Il “modello progressista” non è neanche autoctono, il modello europeo è quello identitario dove il popolo è legato alla sua cultura e tradizioni. Il progressismo è stato importato dagli Stati Uniti: un melting pot di culture dove non si capisce più nulla, dove tutti devono mangiare – pesare – credere – vivere allo stesso modo. Anche in questo caso è interessante la contraddizione nel modo di pensare progressista e mondialista: da una parte si esaltano le differenze con annesso rispetto delle altre culture, dall’altra parte, però, vogliono che tutti diventino “uguali”.

Se i manifestanti antigovernativi dovessero vincere a cosa vorrebbero arrivare?

Sono convinta che non lo sappiano neanche loro, non hanno le idee chiare. Al di là del codice d’abbagliamento, c’è la questione delle riforme economiche per cui alcuni pensano che se si avesse un approccio più “morbido” nei confronti dell’Occidente e dell’Europa, ad esempio giungendo ad un nuovo accordo nucleare, migliorerebbe la situazione economica.
Purtroppo questo, nei fatti, si è dimostrato un fallimento: c’è stato un accordo sul nucleare nel 2015, ma è stato stracciato dagli Stati Uniti. Ci sono ancora gruppi politici in Iran che non hanno imparato da questa esperienza e pensano che con un approccio più assertivo potrebbe migliorare la situazione economica. Le sanzioni pesano fortemente sul popolo.
Per quanto concerne il codice di abbigliamento, non è una questione così semplice da definire: non doversi più coprire i capelli basterà? Oppure bisognerà arrivare a quella permissività che c’è oggi in Occidente?
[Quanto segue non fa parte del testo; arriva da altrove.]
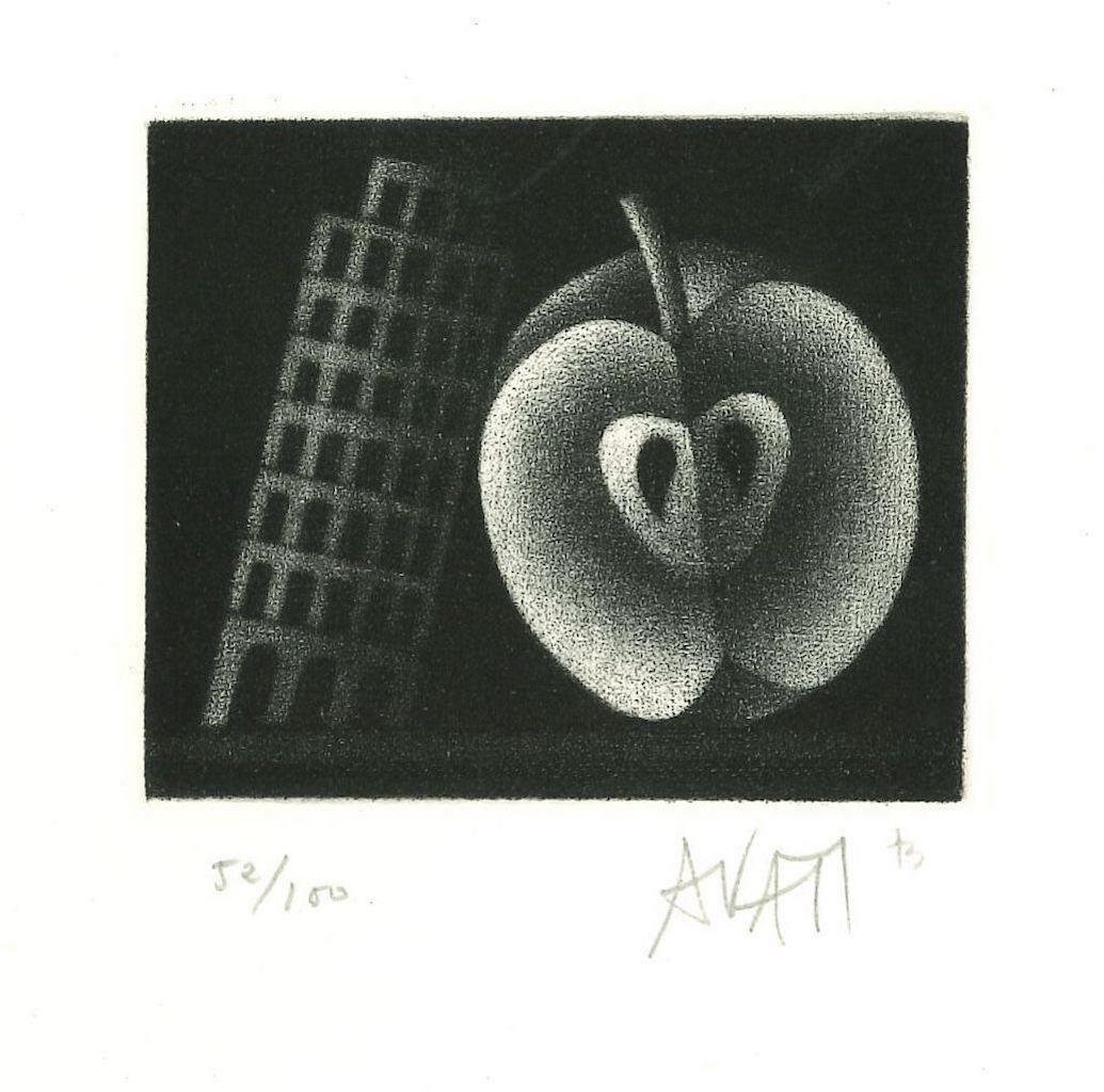 Apple and Tower - Original Etching on Paper by Mario Avati - 1960s 1960s

La maggioranza delle donne iraniane vuole delle norme sul codice di abbigliamento che prevedano di coprirsi anche il capo?

Come spesso sottolineo in tutti gli Stati vigono delle norme sul codice di abbigliamento, non è che una persona una mattina possa svegliarsi e decidere di essere libera di uscire in mutande o nudo. Tuttavia ci sono differenze riguardo a quali debbano essere i limiti alla libertà degli individui di vestirsi (o svestirsi); queste divergenze sono dovute a vari fattori, tra cui l’identità culturale e religiosa di un popolo.
Il sostegno popolare alla legge iraniana sul codice di abbigliamento è stato ribadito in un sondaggio nazionale del 2014 che ha raccolto dati da tutte le province del Paese: più del 53% della popolazione era d’accordo con la legge, il 25% era neutrale e solo il 22% si diceva contrario.